Two hydrovanes were recently
found in a tunnel at Malaguna near Rabaul.
The entrance was exposed by heavy rain. Rough dimensions are ~13" diameter by ~66". They were found with some anti-mine hydrovanes, and a small stool
type cradle is at front left.
This photo shows at right what appear
to be ship deck torpedo launch frame or cradle. When I first saw the
cradle I thought it may have been an aircraft torpedo launch cradle,
but it is solid steel and takes 4-5 grown men to move it! There is
some red paint still on the release mechanism. Apparently there are
lots more things in the tunnel.
A small hydrovane. How they worked can
be seen on this view: a hawser would be attached to the eye and when
towed by a minesweeper it would move out sideways from the boat (I
assume they would have 2 - one port one starboard), cutting mines
free. They usually have a valve somewhere on them to add compressed
air or water(?) to set the depth at which they would be neutrally buoyant.
These are very common around Rabaul often used as gate posts and boundary
markers.

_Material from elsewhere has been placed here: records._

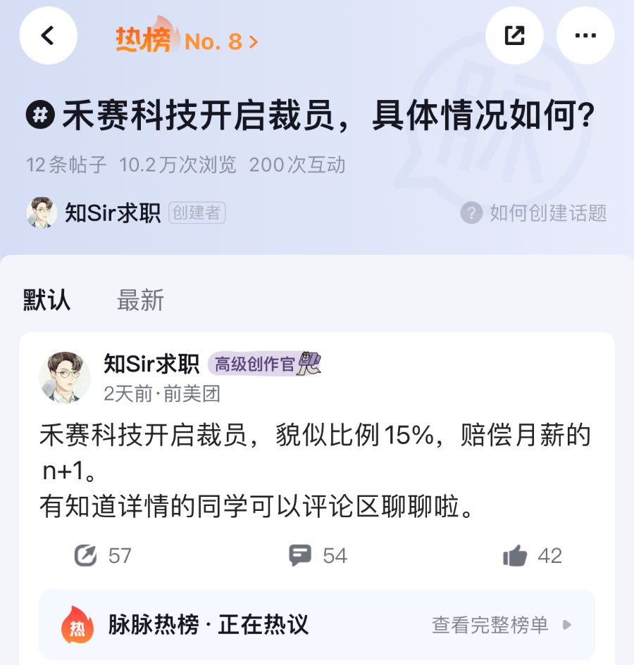 激光雷达龙头禾赛科技被爆裁员去年三季度营收54亿观车论链 日前,职场APP脉脉爆料称,禾赛科技开启裁员,登上平台热搜榜。相关消息称,裁员比例15%,赔偿月薪的N+1。...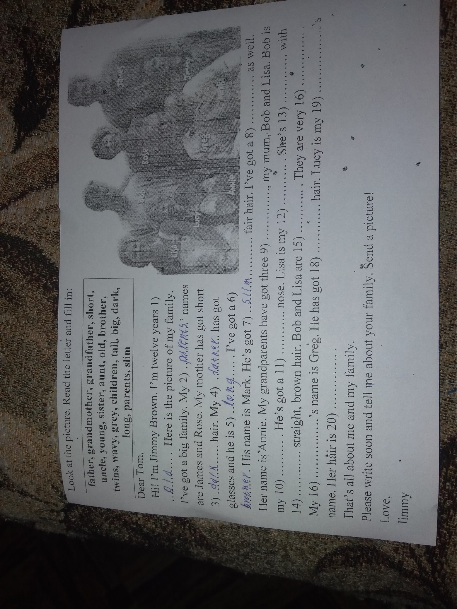 1. old 2. parents 3. dark 4. father 5. tall 6. brother 7. wavy 8. sister 9. children 10. uncle 11. big 12. aunt 13. slim 14. long 15. twins 16. young 16. grandfather 18. short 19. grandmother 20. grey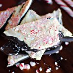 Let cool slightly. Remove dark chocolate from the fridge. Pour cooled white chocolate over top. Smooth out with a spatula {dark chocolate might smear a little if the white chocolate is too warm}. Sprinkle with the candy cane pieces, and gently press the pieces into the chocolate so they stick. Place the sheet pan back into the fridge to harden, about 20 minutes. Break apart and serve.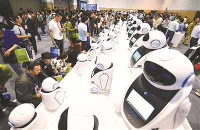 18日,第十一届中国常州先进制造技术成果展示洽谈会开幕。来自欧洲科学院、美国文理科学院、瑞典皇家工程科学院、英国剑桥大学以及北京大学等机构的500多名中外专家汇集常州,与企业界开展产业对接。筹备期间,常州征集到最新科技成果1000多项。开幕式上,46个重点项目集中签约,合同总金额超过370亿元。图为能歌善舞的“优弟”亲子机器人受到观众热捧。

I assume after the war they were recognized as not explosive,
so were not removed or dumped at sea, hence so many survived. That
knowledge has been lost and now people view them with suspicion, many
that came to light after the eruption were removed as 'bombs' They
vary in size some being quite large. This one has shrapnel damage,
did its hawser hit a mine? Also note the hollow aerofoil shape of
the torpedos' wing construction at bottom left of photo.
The 'Stool' like cradle. The width of
the gap between the 'ears' is 47cm (18.5"). The up standing lip
at the back seems original so it can't have been for a complete torpedo.
For working on just the war-head perhaps? Perhaps a large calibre
shell cradle, before being pushed into a gun? did the 'stool' sit
in a socket on the floor so it could rotate? Note holes at top of
vertical ears (for a strap?) If it was a bit bigger and had a lip
They have a circumference of 108 cm so diameter
of 34.3 cm (13.5"). Movable flaps on the vertical stabilizers
can be clearly seen on left one and the one left back ground. Also
note no hole at apex of tail cone, there is an iron threaded plug
in a small hole.
Detail of mechanism in tail cone, central
shaft with two brass lock nuts holding a spring against main body.
The shaft appears to be solid and is linked by two cams to the vertical
stabilizer flaps. Perhaps the spring is to centralize the stabilizers,
or is it the plunger for the detonator? ie the spring depressed on
impact throwing the pin forward. Where were the fuses in regular torps.?
There appears to be no propulsion mechanism, did the thing simply
rely on the forward momentum of the aircraft?
Shows the release cradle.
I assume the big long tube is the top and the short angle iron the
base. In the center there are big pincer like claws for holding and
releasing the torp they are 18" wide. These claws would have
been opened by the big lever on top or by pulling or pushing a pistol
grip at the end of the main round shaft. There are also two horizontal
shallow 'c's on the top tube to stop fore and aft swinging of the
torp, again they are 18" from horn to horn. The moving parts
are held in large '?' shaped divots, like lifeboat divots, joined
at the bottom by angle iron and at the top by the main tube. Notice
the outward pointing lugs on the upper rear of these '?' shaped pieces.